Critical Observations
However I do have some concerns. (1) Over the last 5 to 10 years, exposing the evils of evangelicalism has become a cottage industry and a good strategy to get a book published by a major publisher.* I detect in McKnight and Phillips a mood that troubles me. Is it Uncharitableness? I don’t know how to characterize it. But there are many gratuitous barbs directed toward evangelicals. Perhaps this sharpness is related to the negative church experiences of the authors. Readers of the book will discover in the first chapter that both McKnight and Phillips think of themselves as deconstructors. They tell their own stories of deconstruction (pp. 5-10), which strikingly resemble the stories of many other deconstructors told in the book.
(2) In the opposite direction, McKnight and Phillips construct an almost wholly uncritical, even heroic, picture of the deconstructors. I don’t share their view. Do the deconstructors measure the faith of the churches they are leaving by the teachings of Jesus? Did they learn these lessons from Jesus alone? To the contrary, many of the deconstructors I know absorbed the values of progressive secular culture before or simultaneously with their departure from the evangelical church. And the Jesus they admire seems to champion secularized versions of toleration, peace, love, inclusion, equity, and diversity.
(3) It strikes me that the picture of a Jesus-centered church painted by Invisible Jesus is utopian or at least unhelpfully abstract. The real living church has always been imperfect and impure. The weeds always mix with the wheat. There will be disagreements even within a “Jesus-centered” church about what it means to be Jesus-centered! The authors leave the nature of this ideal church underdeveloped. Yes…we must love God and our neighbors, be kind, tolerant, take care of the needs of the hungry, naked, and homeless. But does doctrine, that is, the full range of biblical teaching, matter at all? Are there any rules for making sure that the powerful force of sexual attraction is used for good and not evil? What about marriage and divorce and abortion and LGBTQ+ ways of living? Is there any type of authority in the church?

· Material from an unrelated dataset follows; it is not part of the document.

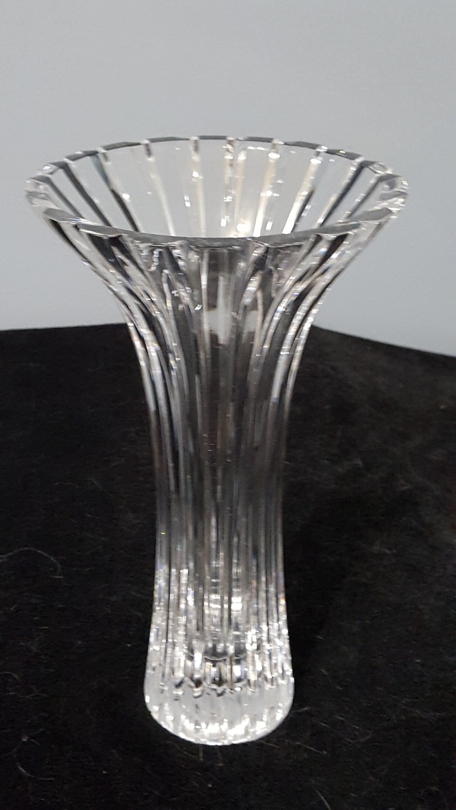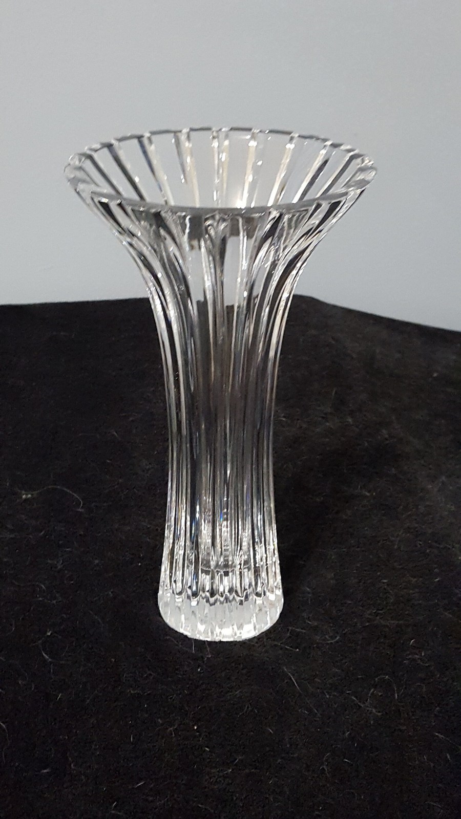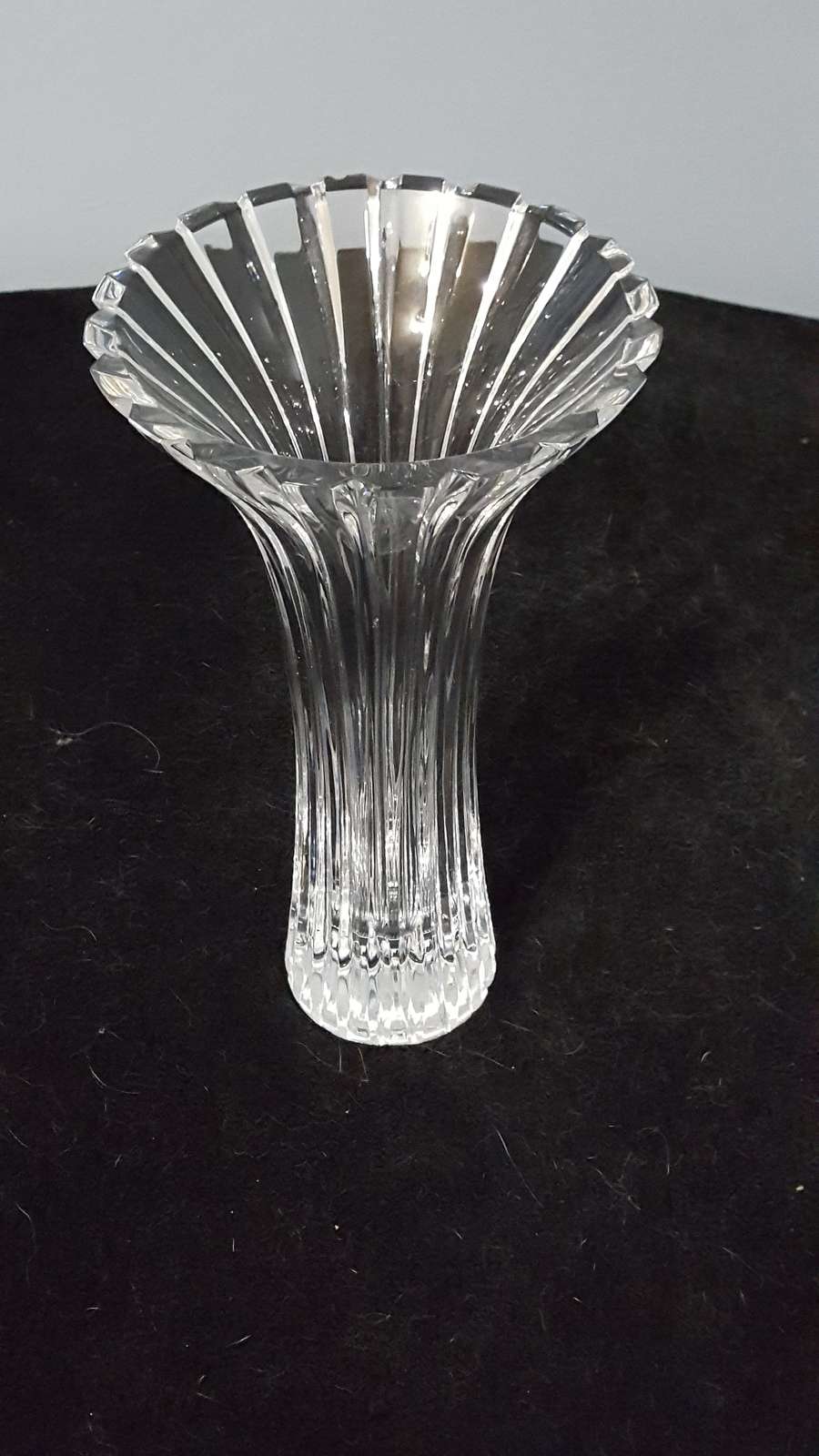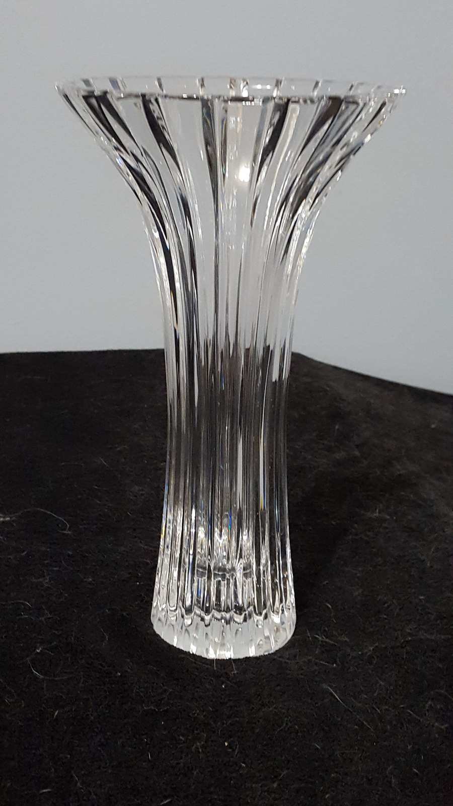 Vintage Ceskci Ribbed & Flared Bohemian Hand Blown 24% Heavy Lead Crystal Vase

(4) Perhaps I find myself somewhat critical of Invisible Jesus because McKnight and Phillips are writing to a different audience and dealing with a different problem than that with which I am most concerned. I do not deny that the evangelical movement is in trouble, and for many of the reasons treated in Invisible Jesus and other recent books. It’s just that I don’t live there. The people I am pastoring (especially my students) are being crushed not by evangelicals but by progressives. Where I live (the West Coast) the dominant culture is secular and hostile to any form of Christianity that takes the Bible seriously. For me, to write a book critiquing evangelicals would be smashing through an open door, jumping on the band wagon, beating a dead horse. I have no desire to take the devil’s side when the devil is already winning!
(5) Invisible Jesus implies but does not construct an alternative vision of faith and life of the people of God. I suppose we will have to wait for the authors’ next book. But if history is a good teacher, when you reject a Bible-based evangelical theology, an almost irresistible logic carries you all the way to Liberalism.
*See my review of Kristin Kobes Du Mez, Jesus and John Wayne: How White Evangelicals Corrupted a Faith and Fractured a Nation (Liveright, 2021) from August 2022.